TASK TO COMPLETE:
Going down the data below, set down exactly the line with "San Francisco de Asís, de José Herruzo" and each line after it through the line with "José Herruzo Álamo"; no other lines.

DATA UNDER STUDY:
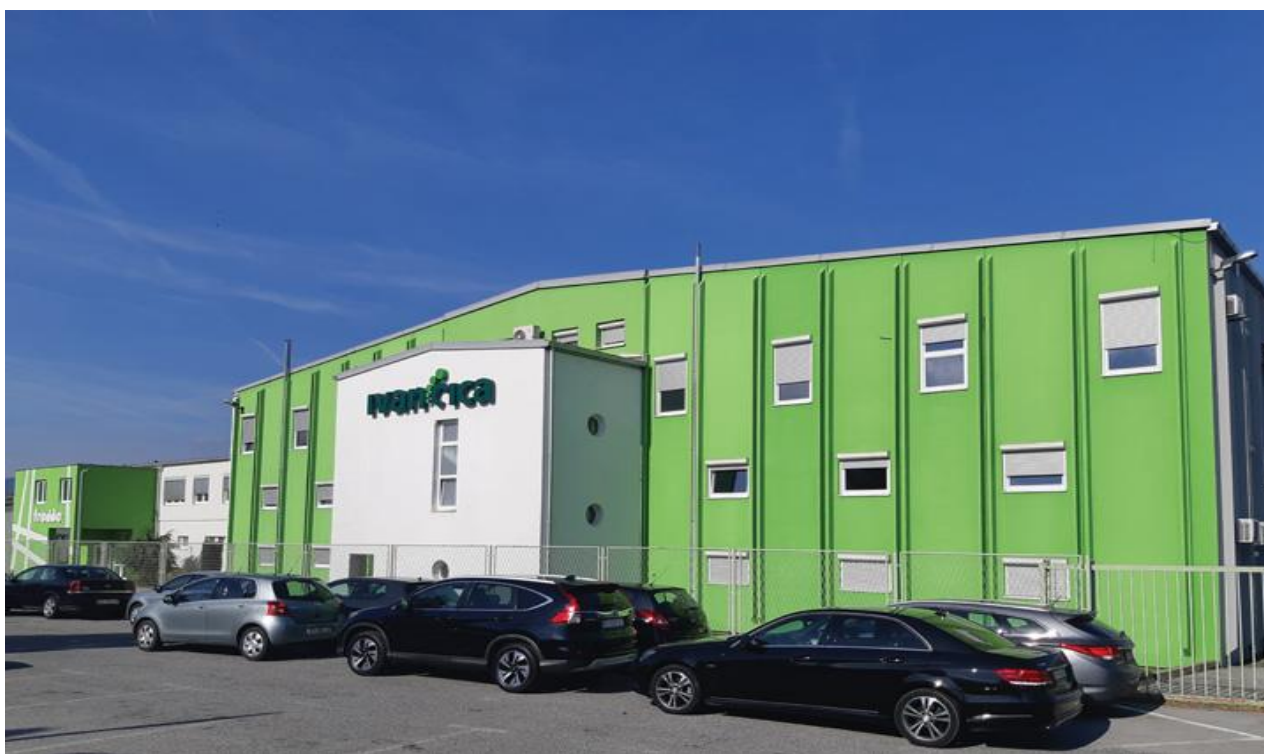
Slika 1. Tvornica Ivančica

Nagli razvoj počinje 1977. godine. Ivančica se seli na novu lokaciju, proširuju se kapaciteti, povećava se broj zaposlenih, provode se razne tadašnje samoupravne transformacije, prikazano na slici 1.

--

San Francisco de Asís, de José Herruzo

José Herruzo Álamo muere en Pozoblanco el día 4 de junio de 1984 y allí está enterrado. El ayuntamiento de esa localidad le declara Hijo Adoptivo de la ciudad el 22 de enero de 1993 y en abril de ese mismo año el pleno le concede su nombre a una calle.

OUTPUT FOR THIS EXERCISE:
San Francisco de Asís, de José Herruzo

José Herruzo Álamo muere en Pozoblanco el día 4 de junio de 1984 y allí está enterrado. El ayuntamiento de esa localidad le declara Hijo Adoptivo de la ciudad el 22 de enero de 1993 y en abril de ese mismo año el pleno le concede su nombre a una calle.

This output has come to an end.